Aim of the exercise → Reproduce the records below in full and word for word, excluding pictures.

Records to use →

==============================

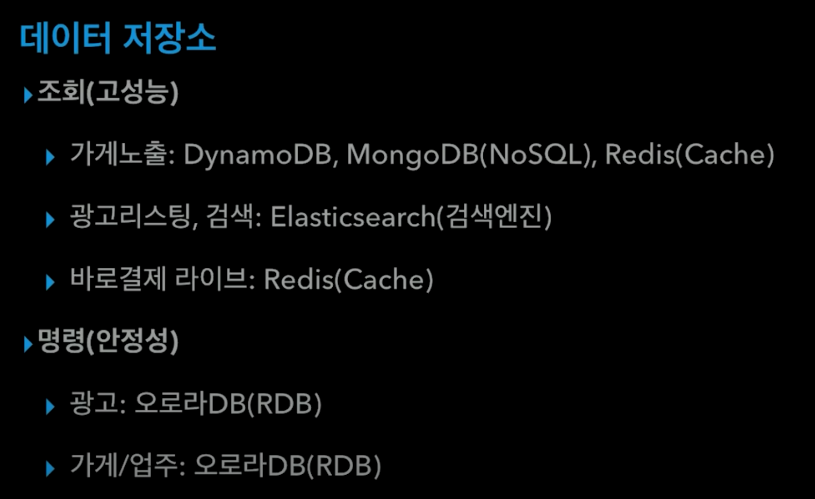 ㅇ 트래픽이 발생하여도 내부 DB에서 조회하여 뒷단의 메인 디비에는 영향이 전파되지 않음.
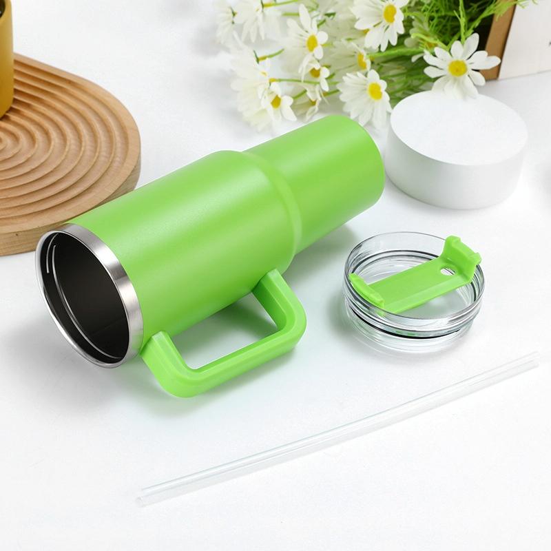 1. 40 ounces, with handle, lid and straw, double-layer vacuum insulation technology, can keep hot for 6-12 hours
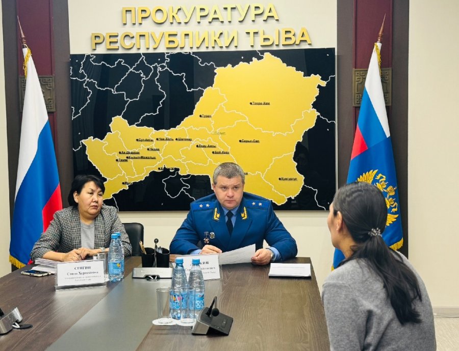 Прокурор республики Сергей Дябкин совместно с Уполномоченным по правам ребенка в Республике Тыва Саидой Сенгии провел личный прием граждан по вопросам защиты прав несовершеннолетних. Поводом для обращения местных жителей послужили нарушения законодательства в сфере образования и здравоохранения, а также непринятия процессуального решения по уголовному делу и другие.
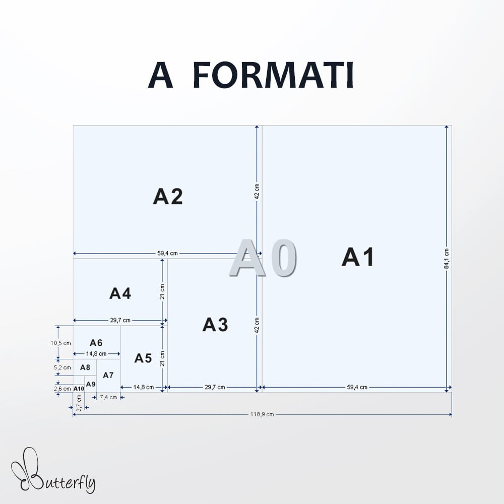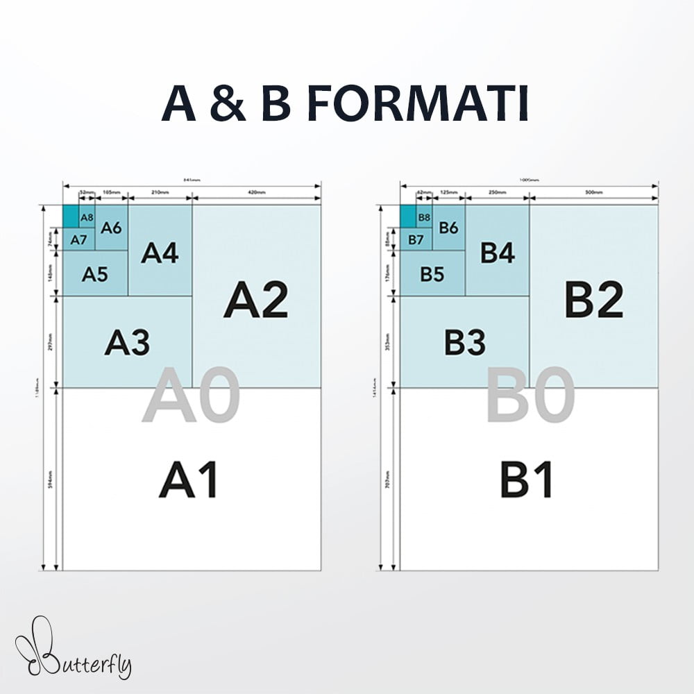 U prilogu možete videti dimenzije A formata, kao i poređenje A i B formata.
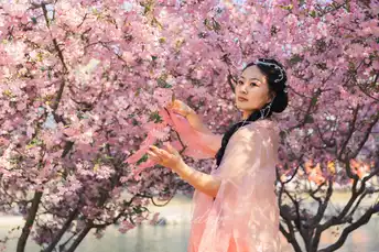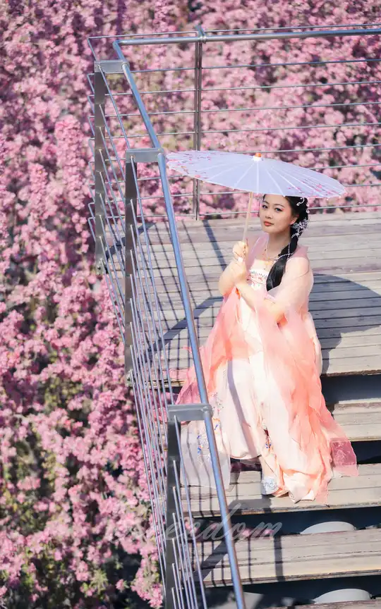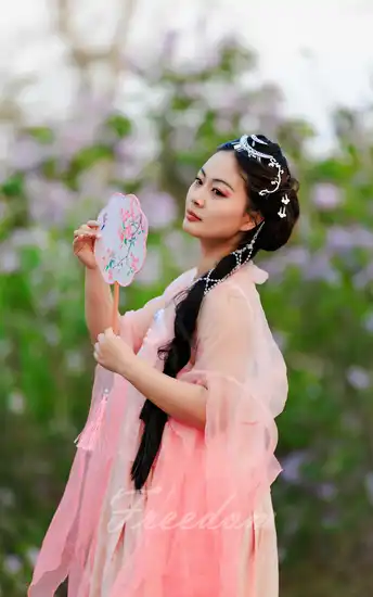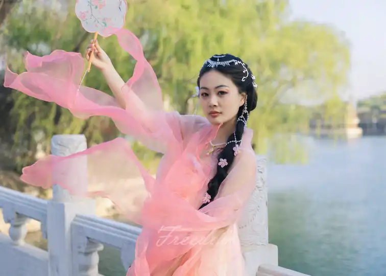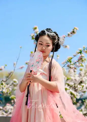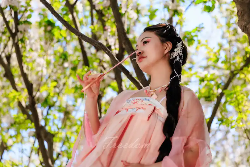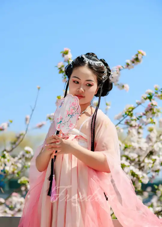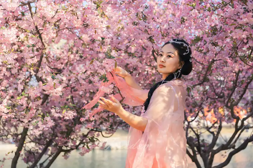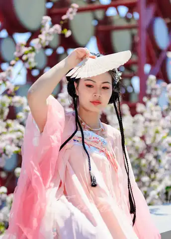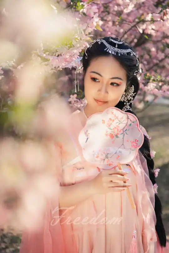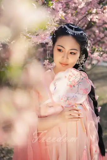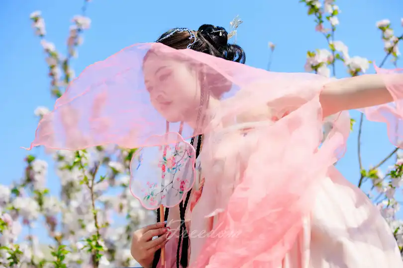 轻拢广袖,接住一瓣桃夭的私语。风过处,连尘埃都染了唐宋的韵。
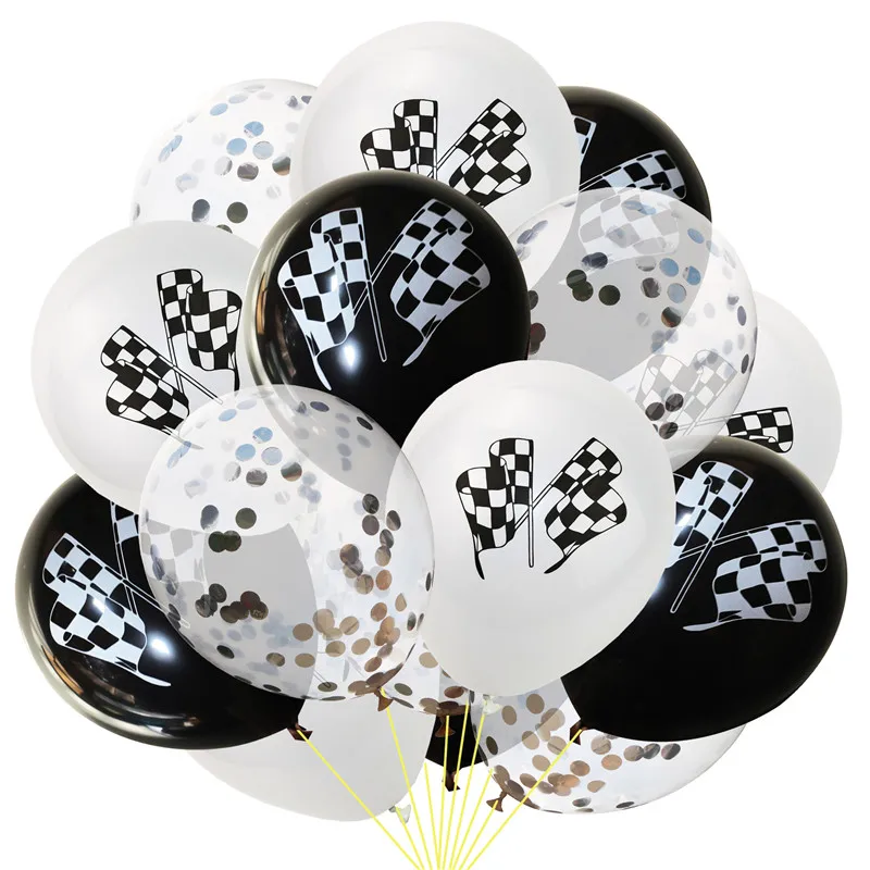 Клетчатый гоночный автомобиль тематические вечерние набор одноразовой посуды черный, белый цвет Гоночный флаг воздушных шаров из латекса, пижама для детей и взрослых, вечерние Декор поставки
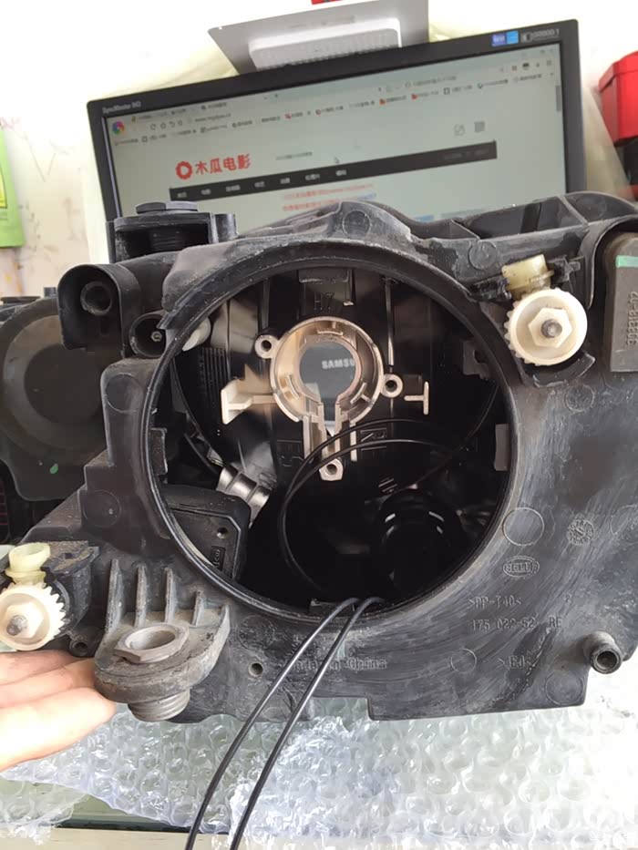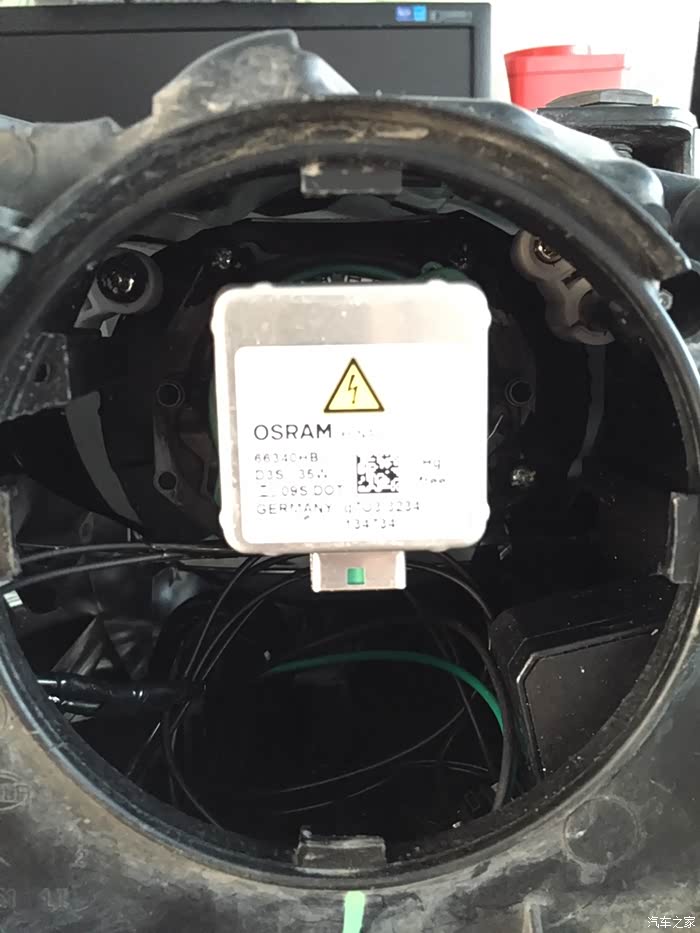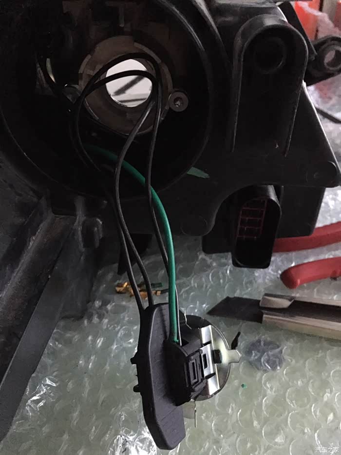 我是直接把原车近光插头剪掉(原车接头也用不上了)接上安定器,用焊锡加固,完活封上后盖

==============================

Answer for this exercise →
 ㅇ 트래픽이 발생하여도 내부 DB에서 조회하여 뒷단의 메인 디비에는 영향이 전파되지 않음.
 1. 40 ounces, with handle, lid and straw, double-layer vacuum insulation technology, can keep hot for 6-12 hours
 Прокурор республики Сергей Дябкин совместно с Уполномоченным по правам ребенка в Республике Тыва Саидой Сенгии провел личный прием граждан по вопросам защиты прав несовершеннолетних. Поводом для обращения местных жителей послужили нарушения законодательства в сфере образования и здравоохранения, а также непринятия процессуального решения по уголовному делу и другие.
 U prilogu možete videti dimenzije A formata, kao i poređenje A i B formata.
 轻拢广袖,接住一瓣桃夭的私语。风过处,连尘埃都染了唐宋的韵。
 Клетчатый гоночный автомобиль тематические вечерние набор одноразовой посуды черный, белый цвет Гоночный флаг воздушных шаров из латекса, пижама для детей и взрослых, вечерние Декор поставки
 我是直接把原车近光插头剪掉(原车接头也用不上了)接上安定器,用焊锡加固,完活封上后盖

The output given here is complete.